Yet Chondrenchelys problematica lingered in obscurity until two new specimens were unearthed in the Mumbie Quarry in Scotland, described for the first time last week in the Proceedings of the Royal Society B. More complete than previously described fossils of the species, Finarelli and Coates noticed something unusual and unexpected about the long, skinny fish’s dental structure that sets it apart from other creatures, alive or extinct.
“It’s got teeth where you shouldn’t have teeth. Imagine a full set of teeth in your lips – that’s what this thing has,” Finarelli said. “They’re just fundamentally different from everything else we’ve ever seen in the jaw.”

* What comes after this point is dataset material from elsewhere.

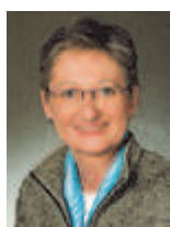
Dr. Claudia Schmied Bundesministerin für Unterricht, Kunst und Kultur

To confirm that they didn’t just stumble upon mutant representatives of the species, the researchers went back and looked at the older Chondrenchelys fossils. Their re-examination confirmed that the unusual teeth was present in those less well preserved specimens as well, meaning the extra set of choppers was a standard feature for the species – and for no other species seen before or since.
The researchers haven’t yet commissioned an artist to reconstruct the face – “It would be pug ugly,” Coates said – but its homeliness is useful to scientists. Chondrenchelys existed at a time when holocephalans were exploding in diversity and the species newly-discovered weirdness only adds to the possible forms the group can take.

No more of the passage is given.